Per prima cosa: chi ti dice che raggiungendo la parità uomo/donna tu debba rinunciare a “pisciare in piedi” o a qualsivoglia tuo privilegio? Perché senti la mia rivendicazione come una minaccia per te? Secondo te il fatto che si venga considerate persone alla pari è una minaccia al tuo status quo? Evidentemente sì…credo che i maschi tremino all’idea che le donne acquisiscano il potere che spetta loro. Che, dobbiamo sempre specificarlo altrimenti si genere un brivido nella forza, il potere che le donne vogliono non è quello di prevaricare sugli uomini, ma di essere loro pari a tutti gli effetti. Tenendo conto della diversità, eccetera eccetera. Si lo so che maschi e femmine non sono uguali, ma aprite gli occhi: questo mondo è creato da maschi per i maschi. Non è una opinione, è la realtà.
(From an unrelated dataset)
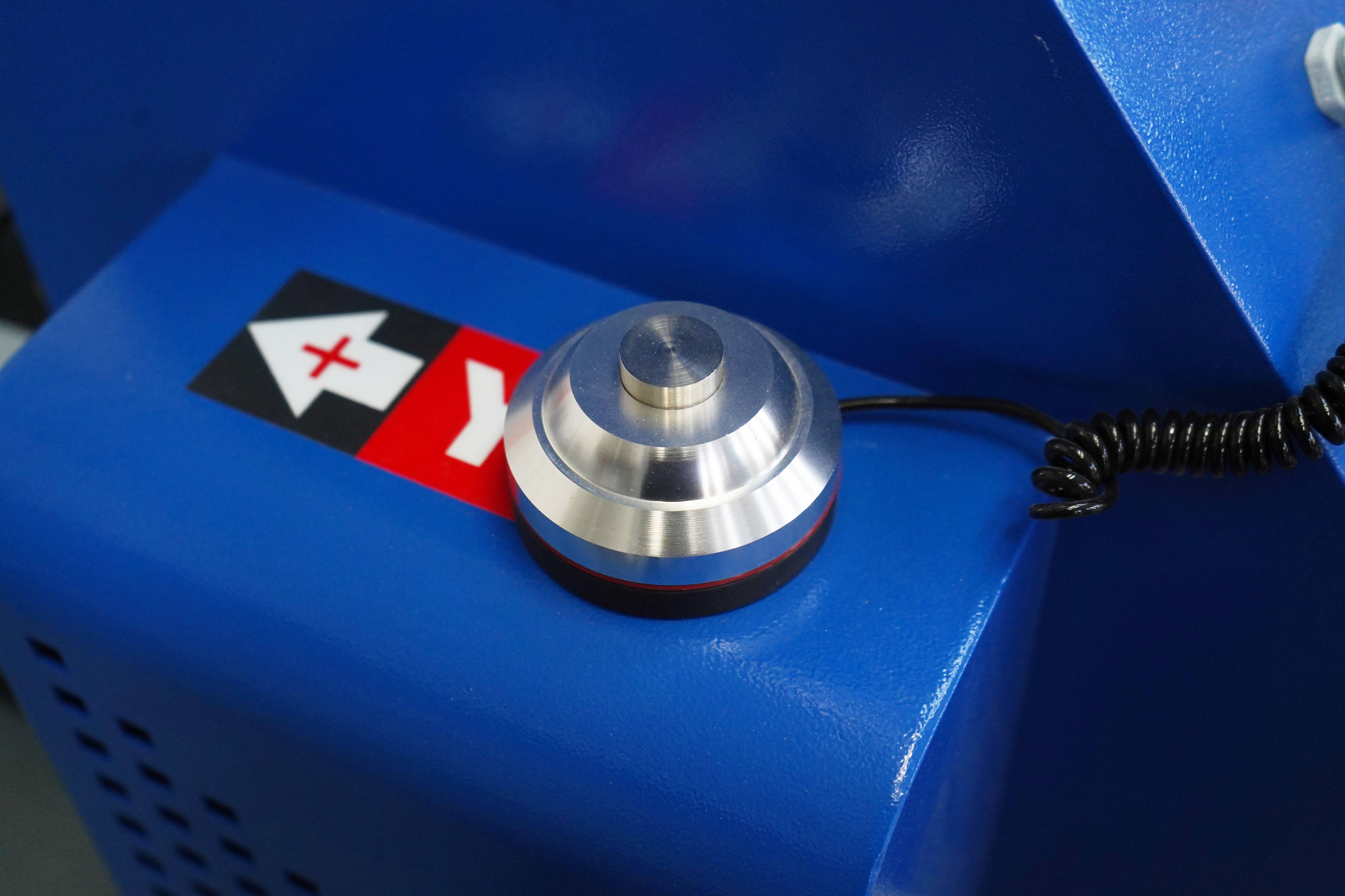 Заботясь о безопасности оператора, инженеры применили систему экстренной остановки станка в трех точках- на центральной стойке управления и на каждой из сторон портала.

Questa frase sottende l’allontanamento da qualsivoglia comprensione di cosa succede a metà degli esseri umani: sono affari vostri e non mi interessano. Mi stanca persino dire che la fine del binarismo di genere e dei ruoli preconfezionati gioverebbe molto anche ai maschi, ma non vedo perché devo dover rimarcare un vantaggio per i maschi per giustificare una lotta giusta, di civiltà, da cui loro prendono le distanze.

Caro maschio, non ti chiederò mai di rinunciare a pisciare in piedi – interessante anche questa immagine del pisciare in piedi come simbolo di mascolinità, di diritto maschile – casomai mi prenderò il diritto di pisciare in piedi pure io. E non ti ringrazierò quando lo farò.


“Non è giusto che venga eletta una donna come Presidente della Repubblica solo perché è donna”.

Su questo tutte le femministe stanno spendendo fiumi di parole, per spiegare alle menti ottuse la cosa ovvia: nessuno va a contestare il fatto che li uomini al potere siano o meno competenti. E che non si vuole una Presidentessa della Repubblica incompetente. E che se veramente venisse eletta una donna -cosa che dubito fortemente, visto che siamo ancora indietro con i tempi – non vorrei essere nei suoi panni, con tutti i riflettori puntati addosso in quanto donna. Perché come tutte le donne che ottengono un ruolo di potere, un incarico importante, un ruolo dirigenziale, dovrà dimostrare fino allo sfinimento di esserne degna, a differenza di qualsiasi maschio che si definisce degno a prescindere. E poi, diciamocelo: come farebbe con i figli?

Sono ancora troppo pessimista sul fatto che possa esserci una svolta così importante come una Presidentessa della Repubblica, e sono così pessimista che penso che se ci fosse sarebbe un contentino che non si ripeterebbe poi per i secoli a venire.
Però sarebbe bellissimo se succedesse. immagino le bambine che la vedrebbero parlare alla nazione a nome di tutti gli italiani, a nome di tutte le italiane, e finalmente queste bambine potrebbero intuire che si può avere per modello di vita una donna, che l’insegnamento più importante può arrivare da una donna, che la carica più importante può ricoprirla una donna. Sarebbe davvero un bel esempio per le nuove generazioni. Anche per i bambini maschi, che si abituerebbero a vedere una carica istituzionale ricoperta da una donna. Un vero ribaltamento dei ruoli di genere. Che sono essi il male.